Oilfield Technology,


Stephen O’Connor, Sam Green, Alexander Edwards, Dean Thorpe, Phill Clegg and Eamonn Doyle, Ikon Science, explain de-risking deepwater drilling and exploration by applying simple geological rules from analogue situations.

A recent article published by Nelson et al. (2013) stated, firstly, that deepwater has become the predominant source of new oil and gas discoveries worldwide, accounting for more than 50% of all conventional new reserves of 170 billion boe.1 Secondly, six-year trend data (between 2007 and 2012) shows that average hydrocarbon discovery size is considerably larger offshore, especially so in the deepwater, where discovery sizes reached 230 million boe. This is about an order of magnitude larger than the onshore average new discovery size for the same period, which is approximately 20 million boe.

Indeed, the authors estimated that approximately 200 oil and gas companies participated in deepwater exploration drilling globally during this period, with 950 new-field wildcat wells drilled. However, drilling success rates averaged only 10 - 15% globally. This last comment is not particularly surprising as the deepwater environment has many inherent risks due to a general lack of well calibration such that there can be (a) an elevated risk of geological failure, i.e., no hydrocarbons present, as well as (b) a higher risk of well control problems during drilling as the uncertainty in the pre-drill pore pressure estimation is greater.

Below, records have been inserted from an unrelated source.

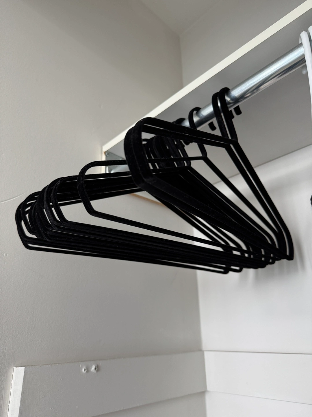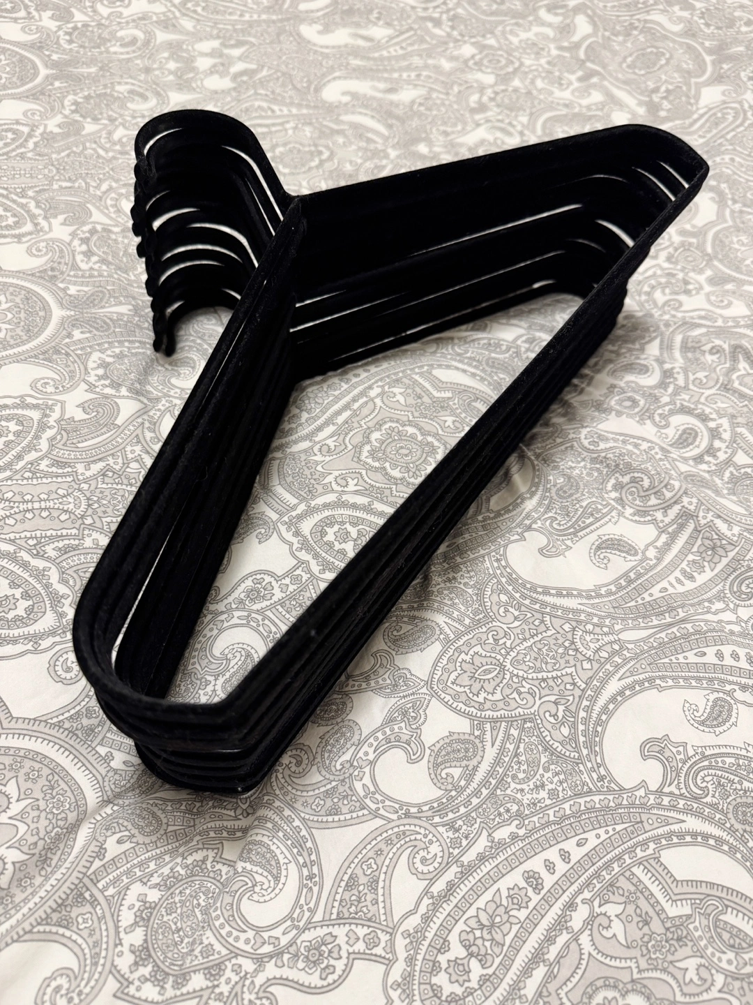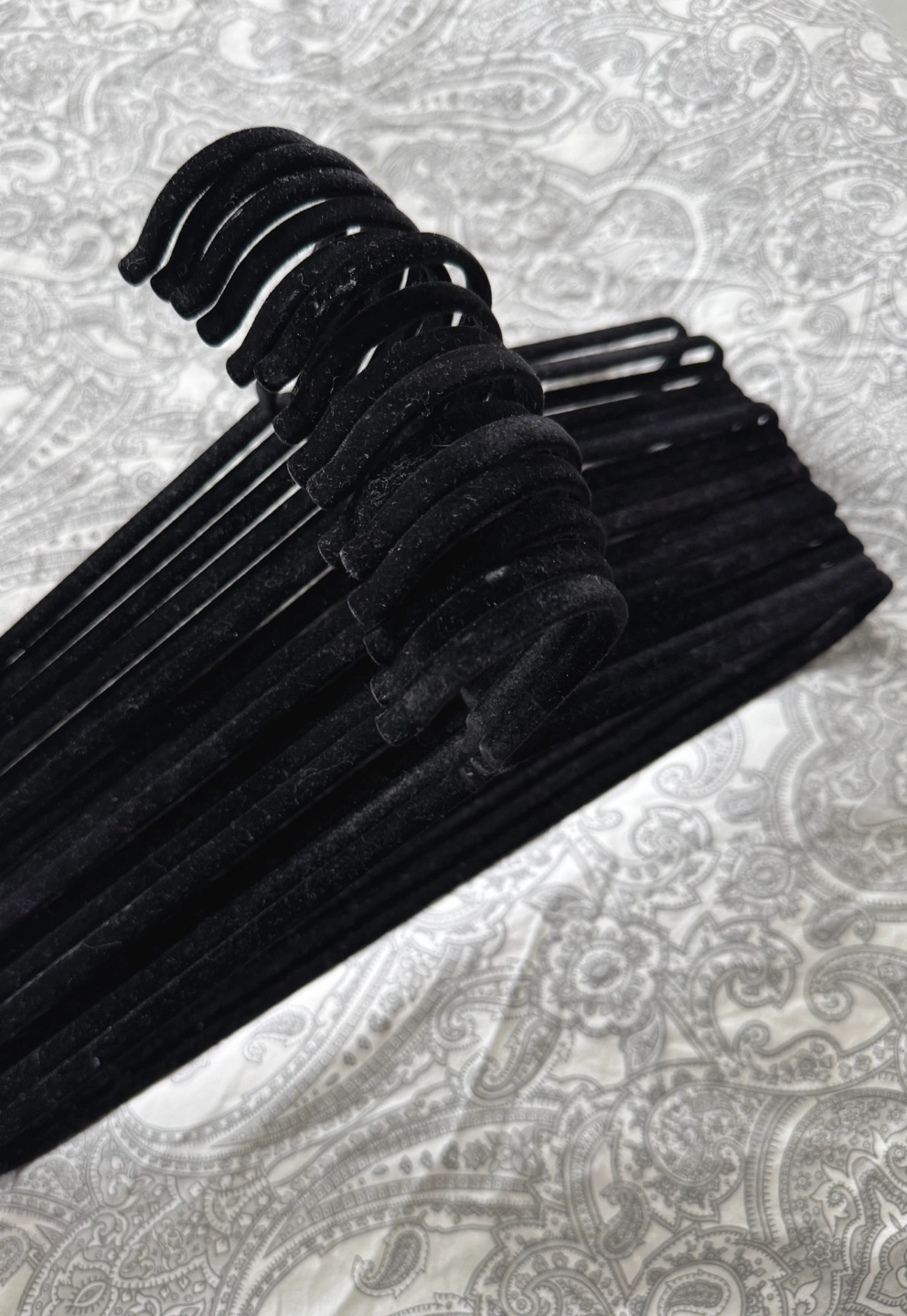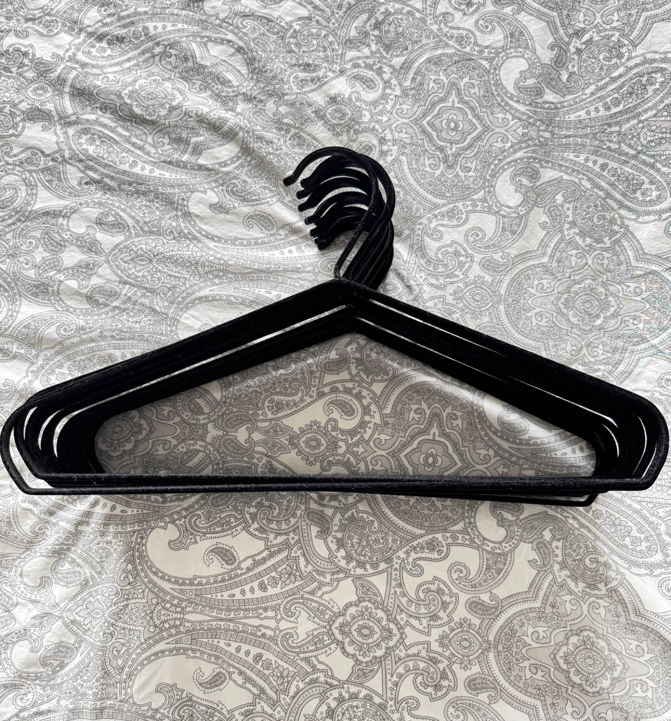 MOVING SALE 14 Black Thick Velvet Hangers Not your typical thin velvet hangers; width is 0.27” thick and great for hanging both lighter and heavier clothing and jackets Stops clothes from slipping In excellent, clean condition Pick-up near Sherbourne and Wellesley See other listings for more items for sale
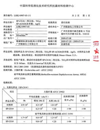 | 廣東省產品質量監督檢驗中心-銀康納米銀檢測報告 檢測表明:金色葡萄球菌的殺菌率在24小時內高達99.74% 大腸埃希氏菌的殺菌率在24小時內高達99.60% | ||
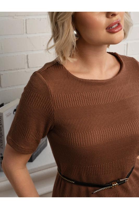 Состав : 65% полиэстер, 30% вискоза, 5% эластан Материал : трикотаж Цвет : коричневый Принт : отсутствует Длина : миди Силуэт : свободный Карманы : отсутствуют Подкладка : отсутствует Вид застежки : без застёжки Декоративные элементы : ремень в комплекте Длина : 44 - 90 см,, 46 - 91 см,, 48 - 92 см,, 50 - 94 см,, 52 - 94 см,, 54 - 94 см Обхват груди : 44 - 92, 46 - 96, 48 - 100, 50 - 104, 52 - 108, 54 - 112 Обхват бёдер : 44 - 96, 46 - 102, 48 - 108, 50 - 110, 52 - 112, 54 - 120 Обхват талии : 44 - 94, 46 - 98, 48 - 104, 50 - 106, 52 - 110, 54 - 114 Дополнительные параметры размеров : 44 - длина рукава Трикотажное платье, которое сочетает в себе стиль и универсальность. Дополнено узким поясом, чтобы подчеркнуть вашу талию. Оно станет отличным дополнением к вашему гардеробу, позволяя создавать разнообразные образы. Платье прекрасно сочетается с минималистичной бижутерией и лаконичной обувью, что делает его идеальным выбором для прогулок по городу, офисных встреч или вечерних мероприятий. Платье можно носить с
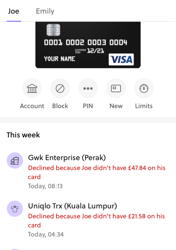 Within a day someone in MALAYSIA is using Son’s pocket money card to try and spend over £60.
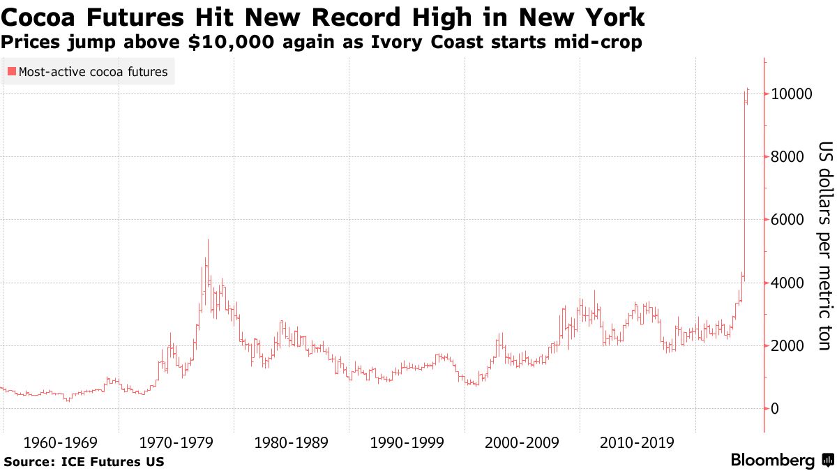 纽约最活跃的合约价格一度上涨至每公吨10193美元的新日内高位。由于西非主要种植国的糟糕收成使全球走向第三个连续年度供应逆差,期货今年已经翻了一番多。
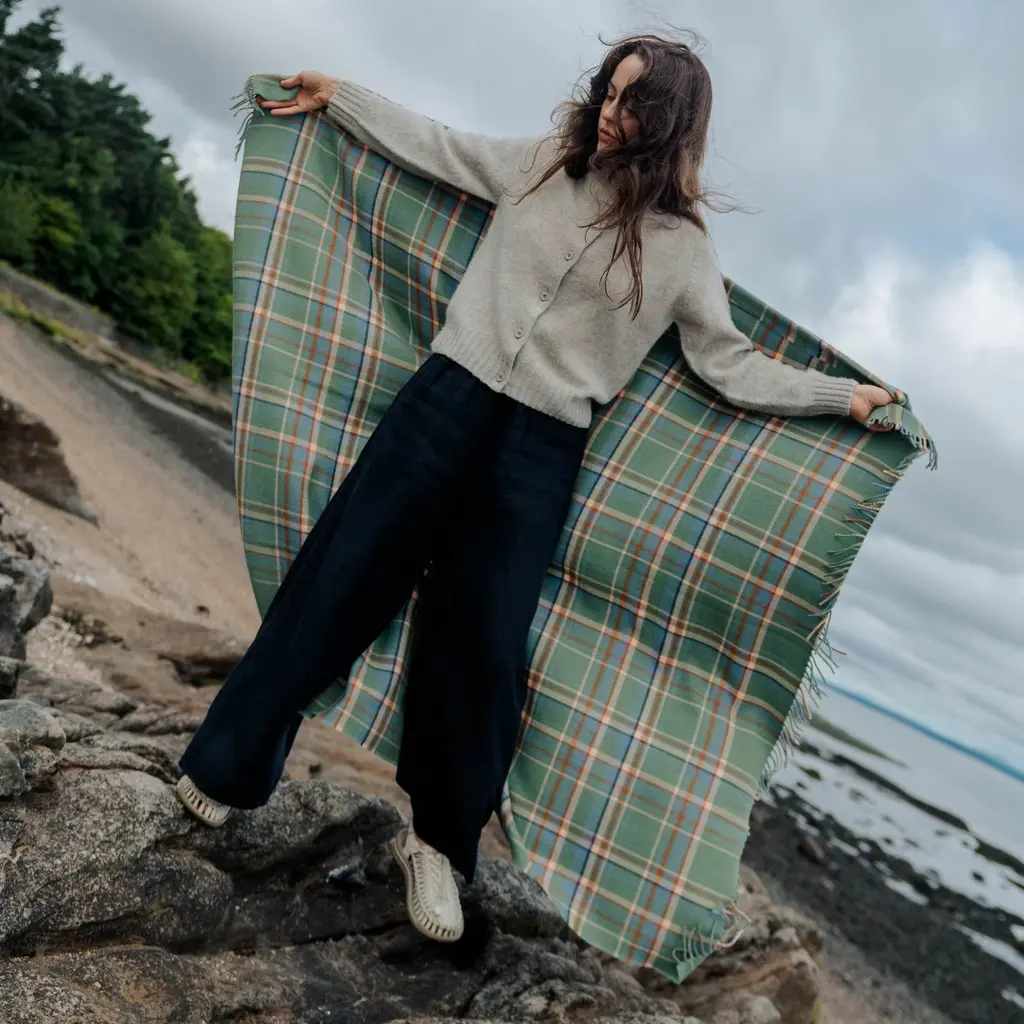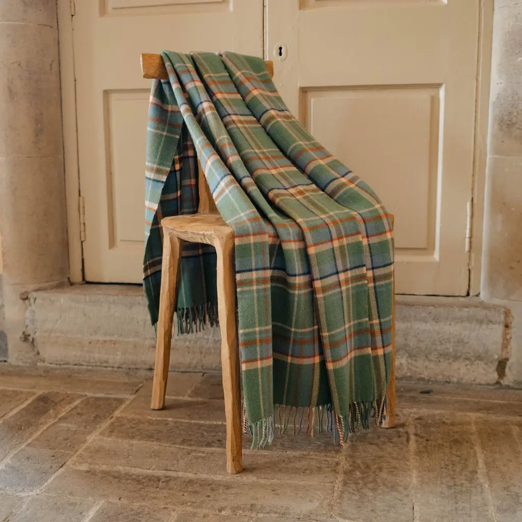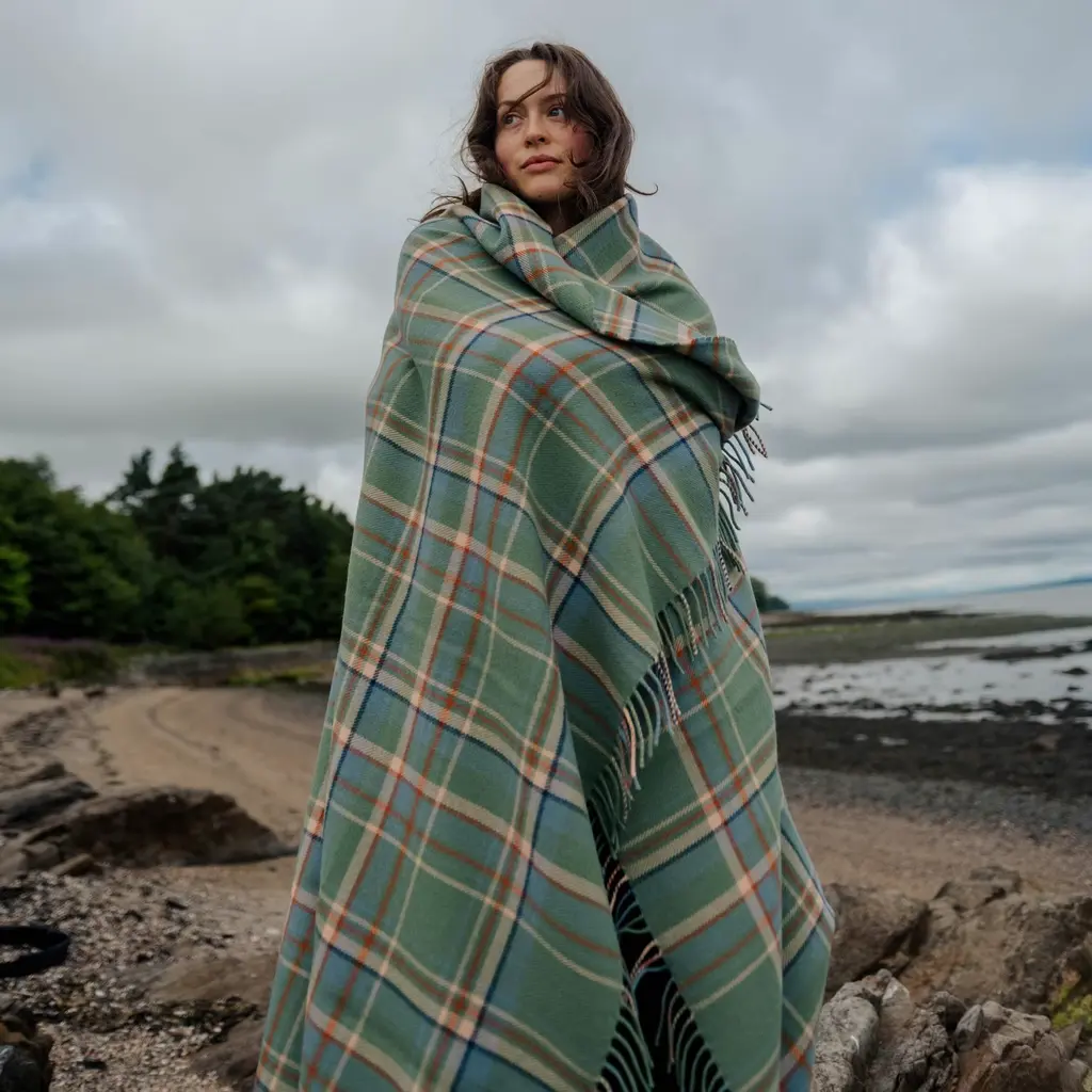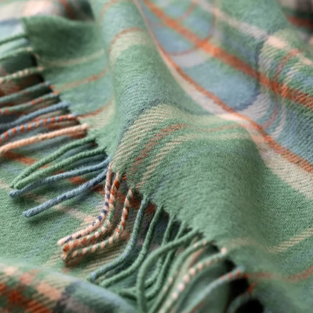 100% Lambswool – luxuriously soft, naturally warm and comfortable, inspired by The Scottish Highlands – as the sun rises over the mountains. Designed in Scotland by renowned textile designer, Araminta Campbell. Made in Scotland, woven in a family run 200 year old Scottish mill.Limited Edition, exclusive, collectible piece, made in small batches. Unique Araminta Campbell Palette of leaf green, light blue, peach, orange and navy.Generous Size of 140 × 180cm ideal for draping over beds, sofas or armchairs, adding warmth and timeless Scottish elegance to any space.Comes with a Branded Cloth Bag to keep your throw safe and is perfect for gifting.

Surprisingly, however, there are companies, especially the small and medium independents, that have demonstrated high exploration efficiencies in terms of drilling success rates and reserves-additions per well.1 The key to their success has been attributed by the same authors to a clear exploration strategy that focuses on specific basins and play types. These companies make good use of analogues from proven plays and apply new geological concepts in older exploration areas. Targeting similar plays in new basins such as those in offshore Suriname and French Guiana as previously explored in West Africa, as well as targeting deeper stratigraphy in existing basins, e.g. Cretaceous (Campanian and Turonian) plays in West Africa. Figure 1 shows the main areas of current deepwater drilling.


Figure 1. Location map showing areas of deep- and ultra-deep water globally.9

The focus of this article is pore pressure, and discusses how one can use analogues to de-risk future well planning, i.e., what are the typical characteristics of deepwater systems and how do these influence the development of the pore pressure regime? The approach is a geologically-driven one and assumes the simple premise that the same rocks (and basin history) equates to the same pressure regime. The authors also stress how important real time data (data acquired during the drilling process) is/can be in terms of further reducing risk and uncertainty when drilling commences. There is a general assumption that all risk assessment is conducted pre-drill. Whereas in reality, assessing risk and uncertainty continues or should continue into the drilling phase where hard data received from the drill bit and the surrounding environment can be vital as a look-ahead warning. In addition to the well planning benefit, analysing analogue basins for pore pressure means that it might be possible to de-risk plays for mechanical top-seal failure (where the pore pressure in our prospect reservoir is deemed too high resulting in an elevated risk of seal failure).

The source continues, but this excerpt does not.